Jose Manuel Durao Barroso, the Portuguese prime minister, was confirmed Sunday night as the next president of the European commission, ending a bitter row between Britain and its French and German partners which underscored the tension in the EU about the way ahead for an enlarged union. Irish Prime Minister Bertie Ahern, holder of the union's rotating presidency, said the Portuguese conservative had been "overwhelmingly" approved by EU leaders to replace Romano Prodi. Durao Barroso, 48, is little known outside his own country.
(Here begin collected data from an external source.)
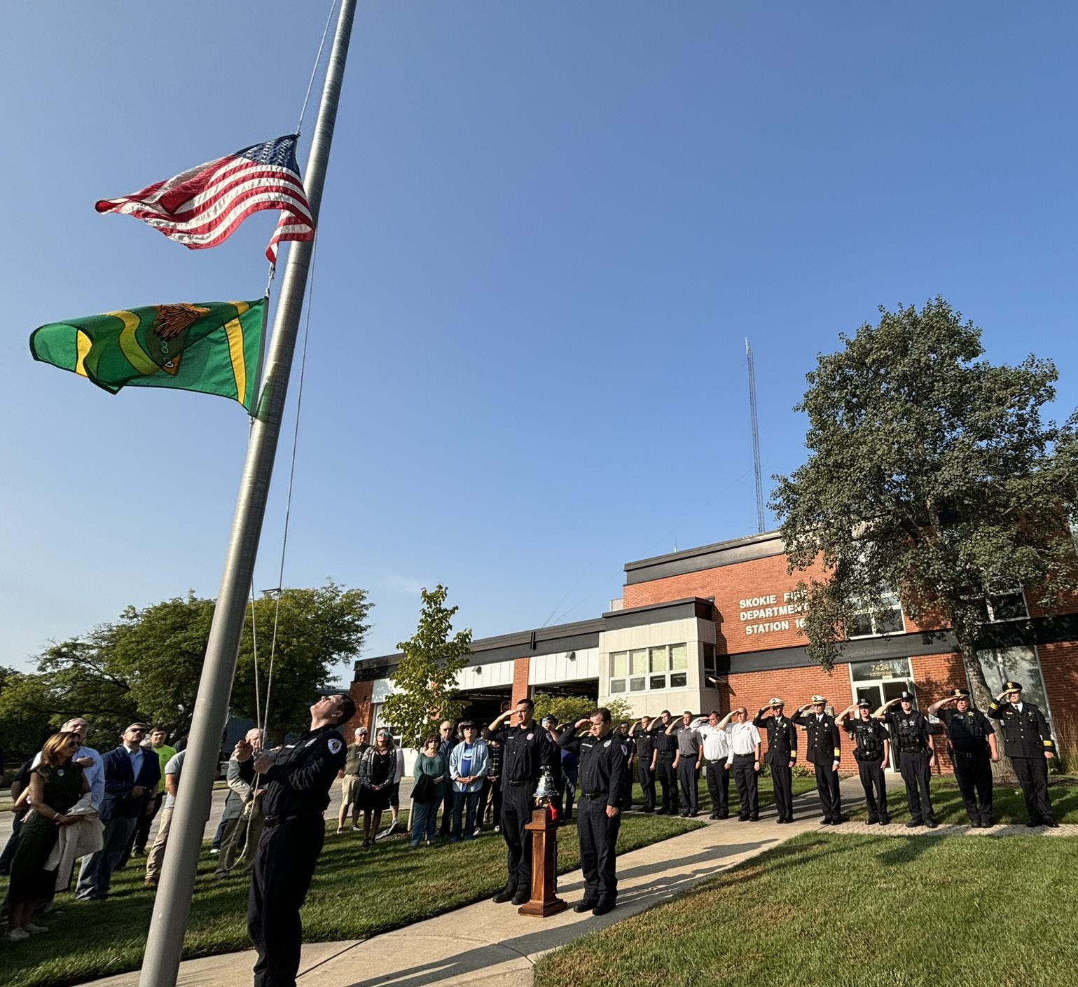Ceremonies will take place at the flagpole of all three Skokie Fire stations beginning at 8:57 a.m. At 8:59 a.m. (time of the World Trade Center South Tower collapse), a “last alarm” bell ceremony will take place followed by a minute of silence at 9 a.m.
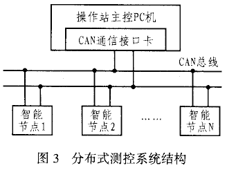 工業(yè)測控現場通常存在著大量的傳感器、執(zhí)行機構和電子控制單元,它們一般分布較廣,而且對實時性要求也很高,圖3是基于CAN總線的分布式測控系統(tǒng)框圖。該系統(tǒng)采用現場總線式集散系統(tǒng)FDCS?Field Distributed Control System?結構,它由主控站(注:CAN總線各節(jié)點并不分主從 ?這里是針對特定的系統(tǒng)而言)、C8051F040為MCU的智能節(jié)點并配以CAN現場總線控制網絡構成。主控站主要完成對各節(jié)點的在線監(jiān)控以及對各節(jié)點返回信息的分析處理,并對節(jié)點發(fā)出控制命令以控制節(jié)點工作模式。智能節(jié)點則根據主控站命令來完成數據采集、運行顯示以及對執(zhí)行部件的控制,以及各節(jié)點與主站、節(jié)點與節(jié)點之間的實時數據交換和信息控制。
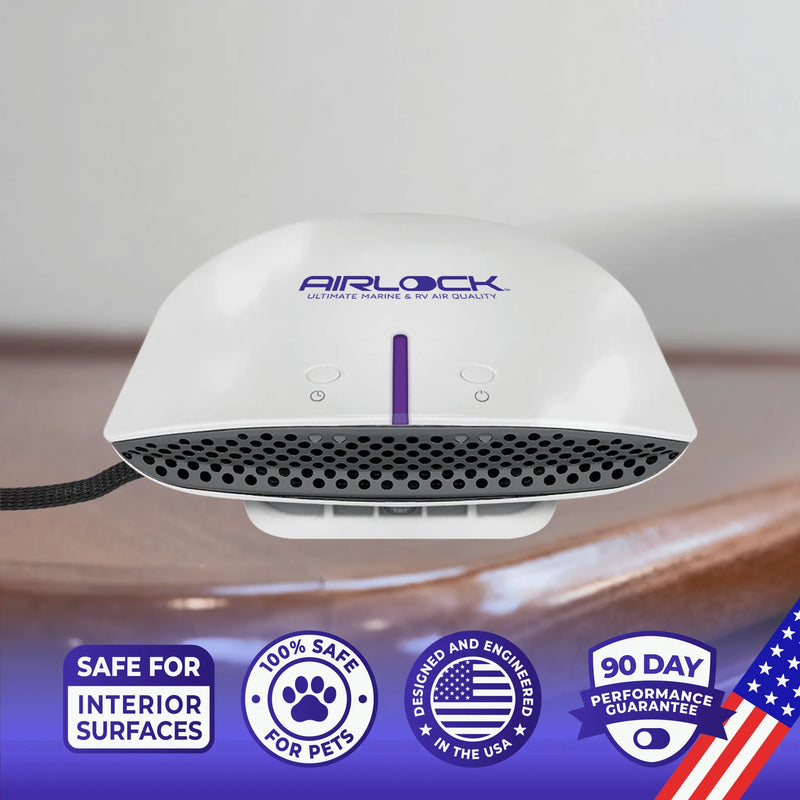 AIRLOCK Voyage pulls in ambient air from your boat's interior using a built-in fan. This ensures that even stale, unmoving air in tight spaces gets drawn into the purification cycle — no HVAC required.
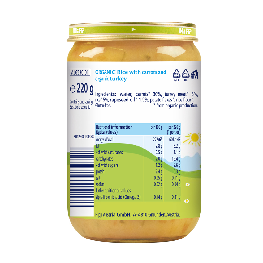 Малюк зʼїв із величезним апетитом обід з рисом та індичкою. Чудовий вибір для малюка, чудовий склад, смак, безпечні шматочки та мʼяка текстура роблять продукти Hipp моїм фаворитом серед раціонів дитячого харчування!
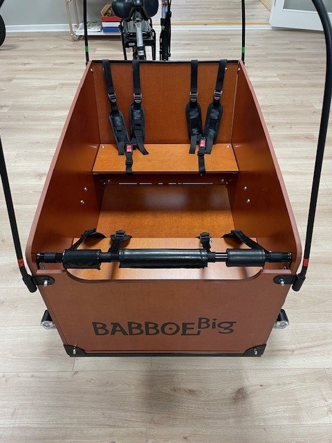 Alle Babboe ladcykler er monteret med bænke, seler, for- og baglygte, forsikringsgodkendt lås, 100% samlet og køreklar & fragten er selvfølgelig helt gratis ved køb af en ladcykel.
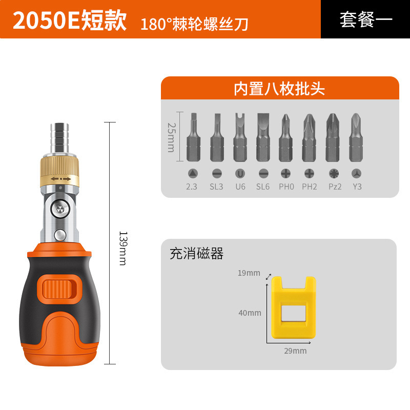 • 2050E(짧은) 래칫 드라이버 + 자화 장치 + 짧은 십자 한 단어 내부 육각형 조합
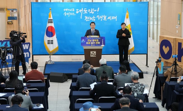 ㈜한국탑뉴스 차복원 기자 | 김영록 전라남지사는 24일 동부지역본부에서 열린 동부권 송년 기자 브리핑에서 2026년을 ‘동부권 100년 대도약의 원년’으로 선포하고 전남 미래 성장의 핵심 거점으로 육성하는 동부권 발전 전략을 발표했다.

He proved acceptable because no one objected to him rather than for any special talent or vision of how to run the union's demoralized executive and manage its often troubled relations with the member states.

■ Lithuania

Former president elected

Former president Valdas Adamkus won a second term Sunday, beating former prime minister Kazimira Prunskiene in a runoff less than two months after her ally was ousted from office for divulging state secrets. With all of the country's 2,038 polling stations counted, the Central Election Commission said that Adamkus had 52.2 percent of the ballots cast, compared with 47.8 percent for Prunskiene. Champagne corks popped after midnight in the fancy downtown Forum Palace restaurant, where Adamkus and hundreds of his supporters celebrated his victory. "I will start negotiating with candidates on Monday and shaping up my team," Adamkus said.

■ United Kingdom

Bug gaining resistance

Scientists have discovered MRSA "superbug" bacteria which are increasingly resistant to the "last resort" antibiotic in the war against superbugs. A study in eight countries found MRSA bacteria that was becoming more resistant to vancomycin. The news has worried scientists as vancomycin has been the last antibiotic which could be relied on to kill the MRSA superbug. The researchers said they feared that resistance would become more common as more of the antibiotic was used to treat growing numbers of MRSA cases.

■ United States

Moore scores at box office

Michael Moore's anti-Bush movie Fahrenheit 9/11 became the highest-grossing documentary of all time on its first weekend in release, taking in US$21.8 million as it packed theaters across the country this weekend. The movie, mocking US President George W. Bush and criticizing his decision to go to war in Iraq, was No. 1 at the box office, beating out the popular comedies White Chicks and DodgeBall, which were playing on almost triple the number of screens. Theater owners in large cities and smaller towns reported sellout crowds over the weekend, with numerous theaters declaring house records.

■ United States

Lion attacks woman

A woman was attacked by a mountain lion while hiking in central California, but was rescued when her friends stabbed the animal with a knife and threw rocks at it, officials said. Shannon Parker, 27, lost her right eye, was injured in her other eye and suffered deep lacerations to her right thigh during Saturday's attack, said Steve Martarano, a spokesman for the California Department of Fish and Game. Authorities said Parker was hiking with three male friends about 30km north of Kernville when the 31.5kg female lion attacked.